**EXERCISE DETAILS:** Output every record exactly and leave each picture out.

Top of AVAILABLE DATA

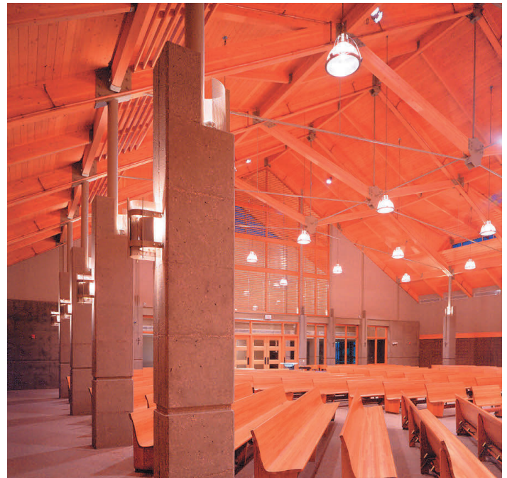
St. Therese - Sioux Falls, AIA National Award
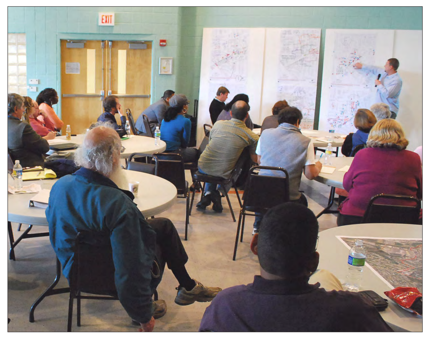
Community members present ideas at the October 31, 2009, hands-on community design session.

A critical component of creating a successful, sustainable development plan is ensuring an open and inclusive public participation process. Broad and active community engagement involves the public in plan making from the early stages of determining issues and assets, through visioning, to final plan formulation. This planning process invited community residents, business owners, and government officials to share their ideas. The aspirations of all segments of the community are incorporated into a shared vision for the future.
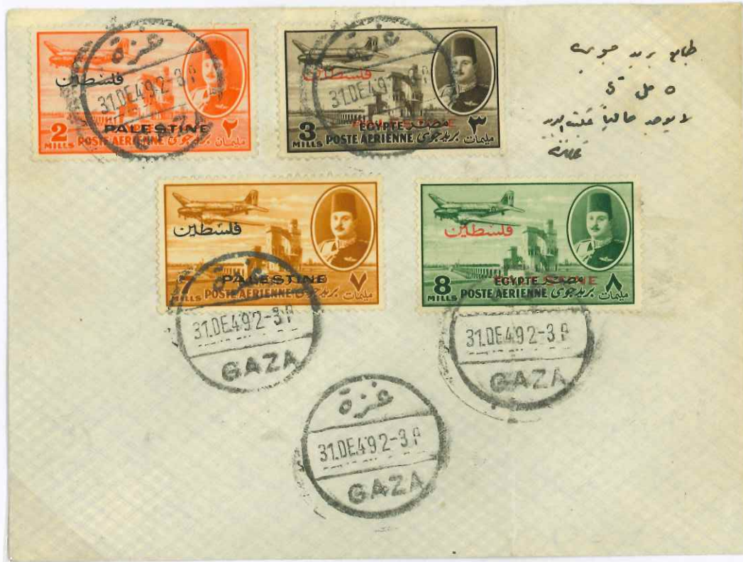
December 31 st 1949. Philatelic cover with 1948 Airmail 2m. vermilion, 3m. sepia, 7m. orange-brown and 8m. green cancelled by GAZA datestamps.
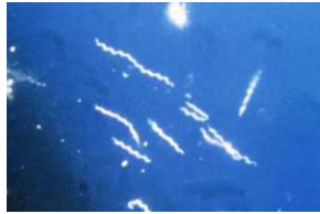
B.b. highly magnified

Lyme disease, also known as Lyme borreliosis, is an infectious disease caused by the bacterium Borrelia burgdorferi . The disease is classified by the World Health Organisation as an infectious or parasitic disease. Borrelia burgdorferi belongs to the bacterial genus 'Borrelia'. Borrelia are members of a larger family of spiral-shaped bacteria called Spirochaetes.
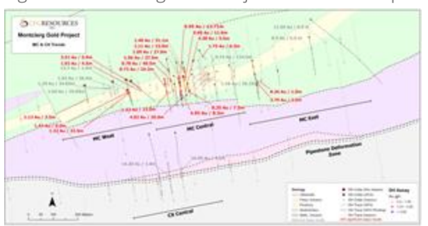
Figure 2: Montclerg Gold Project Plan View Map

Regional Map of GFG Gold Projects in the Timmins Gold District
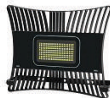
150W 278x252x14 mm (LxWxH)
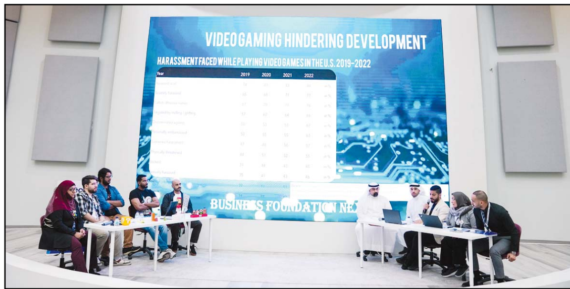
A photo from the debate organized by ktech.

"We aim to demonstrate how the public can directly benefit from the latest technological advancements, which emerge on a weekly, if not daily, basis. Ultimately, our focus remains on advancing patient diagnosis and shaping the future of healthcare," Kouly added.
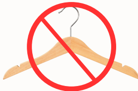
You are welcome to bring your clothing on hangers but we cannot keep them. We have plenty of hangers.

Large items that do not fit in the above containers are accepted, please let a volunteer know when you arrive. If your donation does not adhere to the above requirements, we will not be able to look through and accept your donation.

Bottom of AVAILABLE DATA

**TASK ANSWER:**
St. Therese - Sioux Falls, AIA National Award
Community members present ideas at the October 31, 2009, hands-on community design session.

A critical component of creating a successful, sustainable development plan is ensuring an open and inclusive public participation process. Broad and active community engagement involves the public in plan making from the early stages of determining issues and assets, through visioning, to final plan formulation. This planning process invited community residents, business owners, and government officials to share their ideas. The aspirations of all segments of the community are incorporated into a shared vision for the future.
December 31 st 1949. Philatelic cover with 1948 Airmail 2m. vermilion, 3m. sepia, 7m. orange-brown and 8m. green cancelled by GAZA datestamps.
B.b. highly magnified

Lyme disease, also known as Lyme borreliosis, is an infectious disease caused by the bacterium Borrelia burgdorferi . The disease is classified by the World Health Organisation as an infectious or parasitic disease. Borrelia burgdorferi belongs to the bacterial genus 'Borrelia'. Borrelia are members of a larger family of spiral-shaped bacteria called Spirochaetes.
Figure 2: Montclerg Gold Project Plan View Map

Regional Map of GFG Gold Projects in the Timmins Gold District
150W 278x252x14 mm (LxWxH)
A photo from the debate organized by ktech.

"We aim to demonstrate how the public can directly benefit from the latest technological advancements, which emerge on a weekly, if not daily, basis. Ultimately, our focus remains on advancing patient diagnosis and shaping the future of healthcare," Kouly added.
You are welcome to bring your clothing on hangers but we cannot keep them. We have plenty of hangers.

Large items that do not fit in the above containers are accepted, please let a volunteer know when you arrive. If your donation does not adhere to the above requirements, we will not be able to look through and accept your donation.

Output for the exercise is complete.